United States District Court, E.D. Pennsylvania

December 23, 2014

TAHZAY M. BROWN
v.
DARBY BOROUGH, POLICE OFFICER KATHERINE REARDON, POLICE OFFICER ERIN BROWN, POLICE OFFICER ANTHONY SALVATORE and POLICE OFFICER PAUL McGRENERA

For TAHZAY M. BROWN, Plaintiff: KENNETH L. MIRSKY, LEAD ATTORNEY, PHILADELPHIA, PA.

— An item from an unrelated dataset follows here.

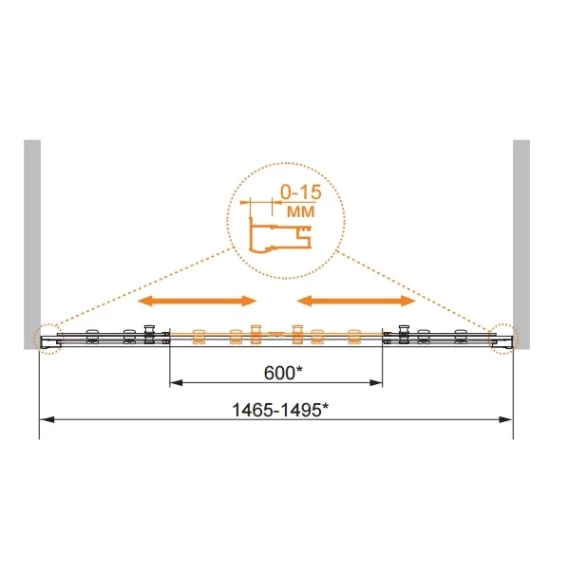 • Габариты с диапазоном регулировок, мм: (1465-1495)x1400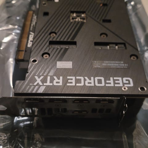 ASUS GeForce RTX 2060 Super skjermkort med 8 GB VRAM. Utstyrt med to kjølevifter og flere tilkoblingsporter inkludert DisplayPort og HDMI. Passer til PC for grafikkintensive oppgaver og gaming.

For DARBY BOROUGH, POLICE OFFICER KATHERINE REARDON, POLICE OFFICER ERIN BROWN, POLICE OFFICER ANTHONY SALVATORE, POLICE OFFICER PAUL MCGRENERA, Defendants: ROBERT P. DIDOMENICIS, LEAD ATTORNEY, HOLSTEN & ASSOCIATES, MEDIA, PA.

MEMORANDUM OPINION

TIMOTHY J. SAVAGE, J.

In moving to dismiss the amended complaint, the defendant police officers argue that because the plaintiff pleaded guilty to two of the six criminal offenses with which he was charged, his § 1983 claim based on malicious prosecution is barred by the Heck v. Humphrey doctrine and he has not stated a claim.[1] We conclude that because Brown was convicted of two offenses, he cannot demonstrate that the criminal proceedings ended in his favor -- an essential element of a § 1983 malicious prosecution cause of action. Because we decline to exercise supplemental jurisdiction on his remaining claims under state law, we shall grant the motion to dismiss.

The facts alleged in the amended complaint, which we must accept as true, recite the history of this case. Brown alleges that on February 18, 2013, he was a lawful resident of 611 Walnut Street in Darby, Pennsylvania[2] when the defendant police officers entered the property without an arrest or search warrant.[3] At that time, the officers had no information concerning ownership of the property or the plaintiff.[4] In sum, he asserts that the " defendant police officers did not have any reasonable grounds for believing that [he] was committing or had committed any offense." [5]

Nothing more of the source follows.